• **AVAILABLE DATA**
+ + +

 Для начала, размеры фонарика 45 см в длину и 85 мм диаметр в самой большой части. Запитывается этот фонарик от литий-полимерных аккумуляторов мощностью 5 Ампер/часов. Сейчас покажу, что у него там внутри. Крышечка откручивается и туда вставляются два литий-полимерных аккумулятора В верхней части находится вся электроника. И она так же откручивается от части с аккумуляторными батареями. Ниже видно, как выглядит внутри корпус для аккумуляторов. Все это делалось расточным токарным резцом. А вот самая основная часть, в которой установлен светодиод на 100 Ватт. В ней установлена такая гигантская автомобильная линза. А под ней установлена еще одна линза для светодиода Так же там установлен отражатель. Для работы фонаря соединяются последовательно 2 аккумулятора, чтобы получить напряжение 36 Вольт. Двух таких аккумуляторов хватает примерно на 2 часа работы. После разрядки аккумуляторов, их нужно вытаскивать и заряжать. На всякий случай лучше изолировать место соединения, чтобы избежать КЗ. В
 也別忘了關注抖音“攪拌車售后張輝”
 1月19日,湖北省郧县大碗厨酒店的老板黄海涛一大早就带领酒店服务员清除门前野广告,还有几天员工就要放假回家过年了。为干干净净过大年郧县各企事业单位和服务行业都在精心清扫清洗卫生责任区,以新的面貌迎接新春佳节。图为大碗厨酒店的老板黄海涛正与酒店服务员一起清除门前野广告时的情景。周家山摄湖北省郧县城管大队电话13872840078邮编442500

+ + +

Show the data once more, exactly as it was written.

 Для начала, размеры фонарика 45 см в длину и 85 мм диаметр в самой большой части. Запитывается этот фонарик от литий-полимерных аккумуляторов мощностью 5 Ампер/часов. Сейчас покажу, что у него там внутри. Крышечка откручивается и туда вставляются два литий-полимерных аккумулятора В верхней части находится вся электроника. И она так же откручивается от части с аккумуляторными батареями. Ниже видно, как выглядит внутри корпус для аккумуляторов. Все это делалось расточным токарным резцом. А вот самая основная часть, в которой установлен светодиод на 100 Ватт. В ней установлена такая гигантская автомобильная линза. А под ней установлена еще одна линза для светодиода Так же там установлен отражатель. Для работы фонаря соединяются последовательно 2 аккумулятора, чтобы получить напряжение 36 Вольт. Двух таких аккумуляторов хватает примерно на 2 часа работы. После разрядки аккумуляторов, их нужно вытаскивать и заряжать. На всякий случай лучше изолировать место соединения, чтобы избежать КЗ. В
 也別忘了關注抖音“攪拌車售后張輝”
 1月19日,湖北省郧县大碗厨酒店的老板黄海涛一大早就带领酒店服务员清除门前野广告,还有几天员工就要放假回家过年了。为干干净净过大年郧县各企事业单位和服务行业都在精心清扫清洗卫生责任区,以新的面貌迎接新春佳节。图为大碗厨酒店的老板黄海涛正与酒店服务员一起清除门前野广告时的情景。周家山摄湖北省郧县城管大队电话13872840078邮编442500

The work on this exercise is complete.